I greeted the man working the counter, feeling sorry immediately that I didn’t even have my wallet on me. He seemed so nice, I felt awful that I wouldn’t even return the kindness with a purchase. Still, I tried my best to look as if I was trying really hard to find something, pulling out t shirts and pretending that I was unsatisfied with the material, looking excited to have found a cool piece only to deem it too worn out to justify the price tag. I wondered how long I’d have to keep going, suddenly exhausted with my own charade. I had gone through three rows of clothing racks, picking out at least 8 articles of clothing that I put back nearly immediately, before deciding that I was getting more stressed out than I should’ve been, when my intention was to come in here and forget. I was going through the last few jackets I had settled on, getting ready to flash an apologetic smile and leave, when I came across what made my heart stop momentarily. 

This was Jinhwan’s jacket. I was sure of it. I couldn’t forget something like that. 

He had made me spend hours with him, waiting in an internet cafe, hogging an entire row of computers to ourselves waiting for it to become available. It was a collaboration between his two favorite brands, something that was completely lost on me. To me, it had just looked like any varsity jacket, with designers advertising their names as an embroidery. I didn’t question it, though, as soon as the purchase went through on a computer that I was supervising. He was so happy. He spun me around as we both cheered loudly, earning us a combination of glares and interested glances. He wore it every day over his uniform. He had never been more proud of anything. There had been only one hundred made, and he swore he was the only one in the country to own it. Even when the style was no longer desired, when people stopped giving him impressed nods and instead begged him to stop wearing such an outdated jacket, he refused. It was his badge of honor, anyone who questioned it just didn’t understand it. 

And now, here it was, in a thrift shop for $53. My hands went over the embroidery, trying to remember anything about it, a jacket I had seen every day for so long.
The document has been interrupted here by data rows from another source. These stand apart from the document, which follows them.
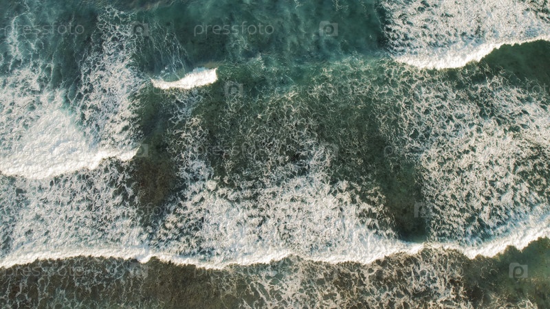 Вид с воздуха волн, прокатывающихся через коралловый риф под чистой тропической водой
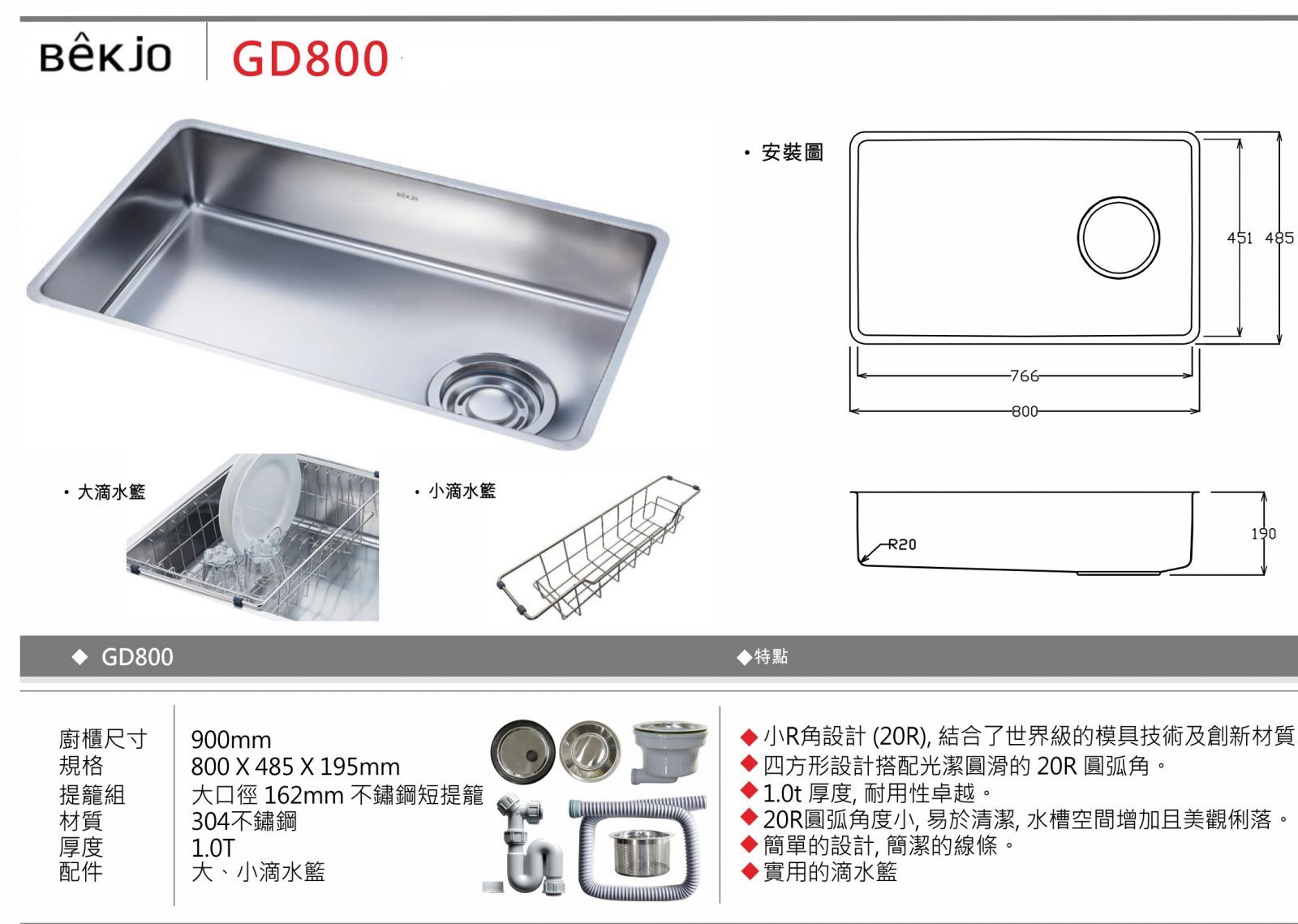 Bekjo 不鏽鋼水槽(80x48.5cm) GD800
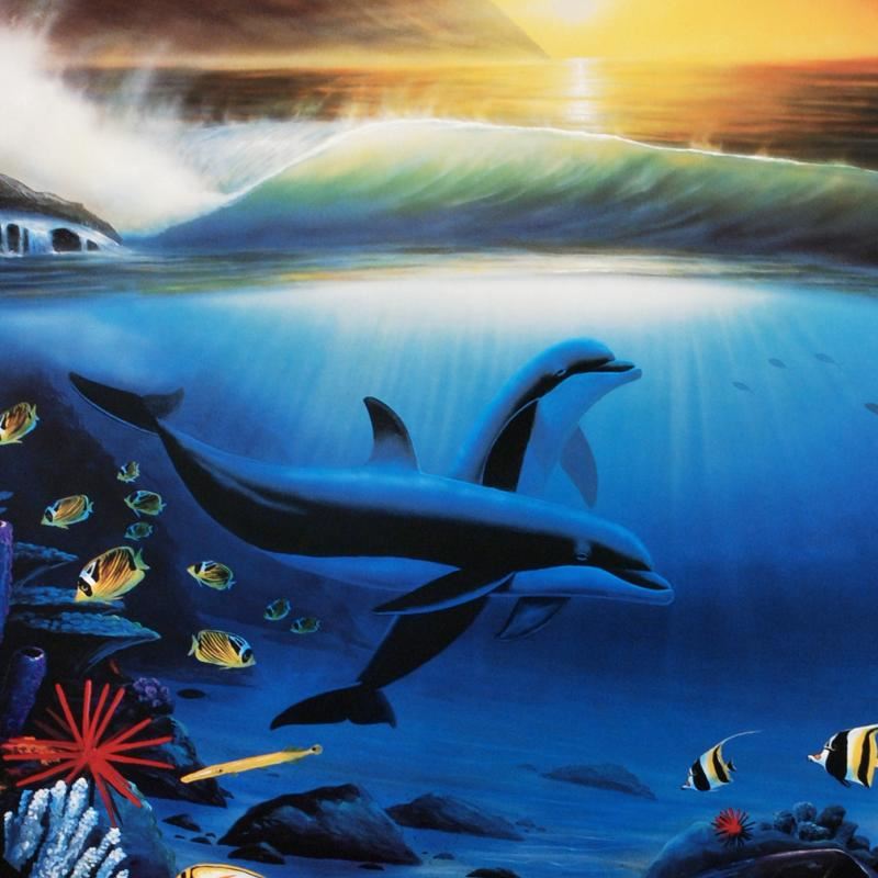 "Dolphin Days" is a poster by Wyland. Measures approx. 24" x 28" (image).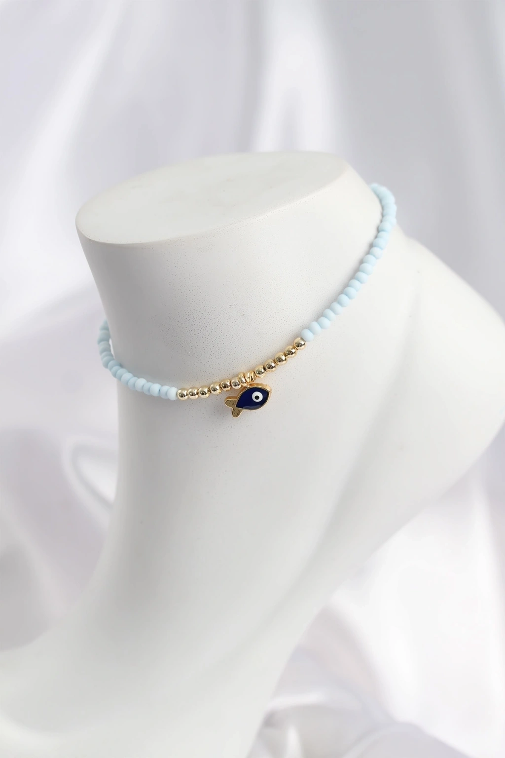 Mavi Renk Boncuklu Balık Figürlü Halhal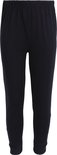 Le pantalon a une taille élastique et des revers sur les jambes.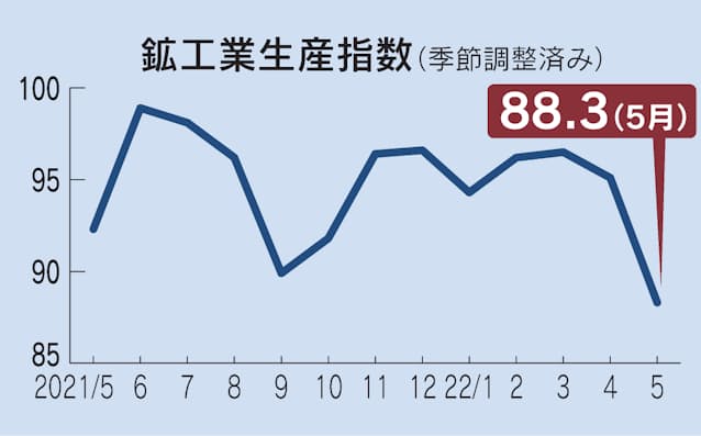 経済産業省が30日に発表した5月の鉱工業生産指数(2015年=100、季節調整済み)速報値は88.3となり、前月比7.2%下がった。マイナスは2カ月連続。新型コロナウイルスの感染拡大を受けた中国の上海市などの都市封鎖で生産や物流が停滞した影響が続いた。自動車工業、電気・情報通信機械工業などが低下し、経産省は生産の基調判断を「足踏みをしている」から「弱含み」に引き下げた。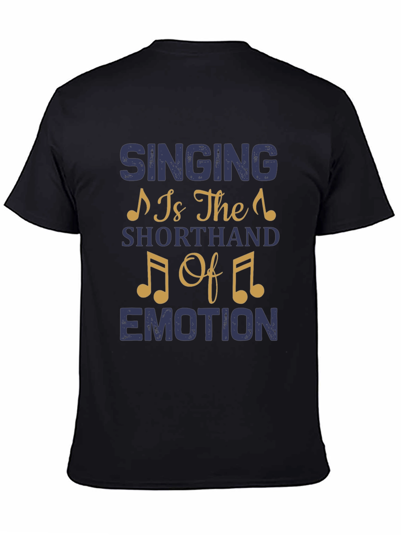 This black t-shirt features a bold graphic design with the phrase "Singing is the shorthand of emotion." The text is in a stylish font and uses musical notes as visual elements, adding a creative touch. It appears to be made of a comfortable fabric, ideal for everyday wear. The design is perfect for music lovers, singers, or anyone who appreciates artistic apparel. Wear it casually with jeans or shorts to express your passion for music and emotion.
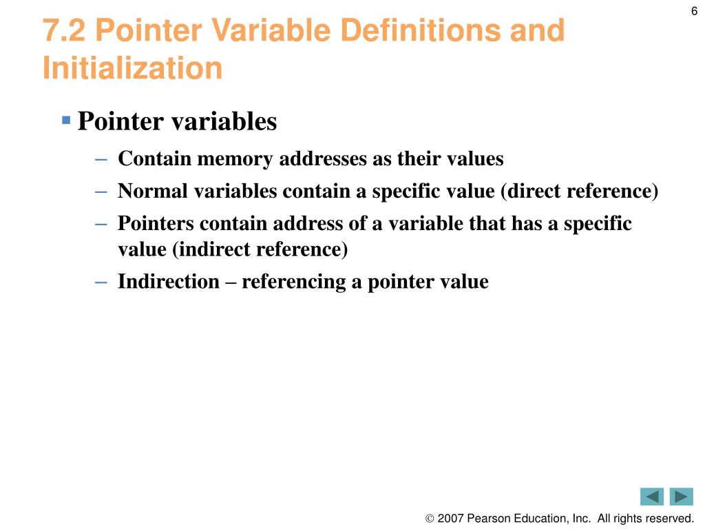 7.2 Pointer Variable Definitions and Initialization • Pointer definitions • * used with pointer variables • int *myPtr; • Defines a pointer to an int (pointer of type int *) • Multiple pointers require using a * before each variable definition • int *myPtr1, *myPtr2; • Can define pointers to any data type • Initialize pointers to 0, NULL, or an address • 0 or NULL– points to nothing (NULL preferred)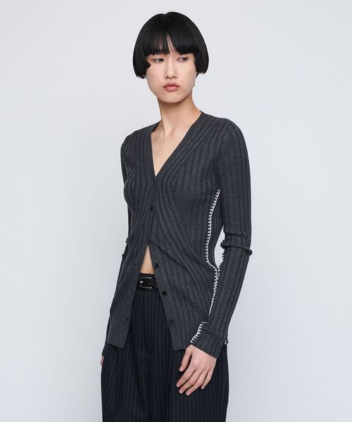 縦長ラインを強調する長めの着丈とリブデザインがシルエットを美しく見せてくれる一着。

I wondered, if I brought it up to my nose, would it smell like him? Would he appear before me and say, “finally, you found me.” I clutched the jacket, walking up to the man. 

“Could you hold this for me? I forgot my wallet. I live just up the street.” I asked in a shaky voice. I’m sure he could tell that I was trembling, no matter how I tried to hide it. 

“I’m about ready to close up for the day, you can just come back tomorrow,” he said, taking the jacket from my clutches. 

“What if it’s gone?” I exclaimed more than asked, surprising myself with the worry in my own voice. 

“I’m sure it’ll be fine. I just got it today, I don’t think anyone will have much interest in it anyway.” 

“Do you remember who sold it to you?” I asked, my voice cracking and my eyes growing wider. I could tell that he was ignoring my interest in favor of not getting too invested. 

“He comes here every Wednesday, always buying or selling something,” he grunted, a slight worry washing over him as he probably wondered whether it was a good idea to reveal that information to a seemingly obsessed girl. 

Today was Tuesday. My only class free day aside from the weekends. Tomorrow, I had class from 9 in the morning to 7 in the evening. I assumed from the way he was practically kicking me out now that this shop closed at 5 PM. I would skip all of my classes to wait here, it was decided. 

“What time does he usually come in?” I asked. He squinted his eyes at this one, but again, decided he didn’t care enough to protest. 

“Anywhere from noon to now.” He shrugged, finally taking the jacket from my hands. 

“Thank you,” I said, breathlessly. “I’ll come back tomorrow.” 

I was in a daze as I walked myself home, fear and euphoria battling it out inside of me for who would be my dominant emotion tomorrow.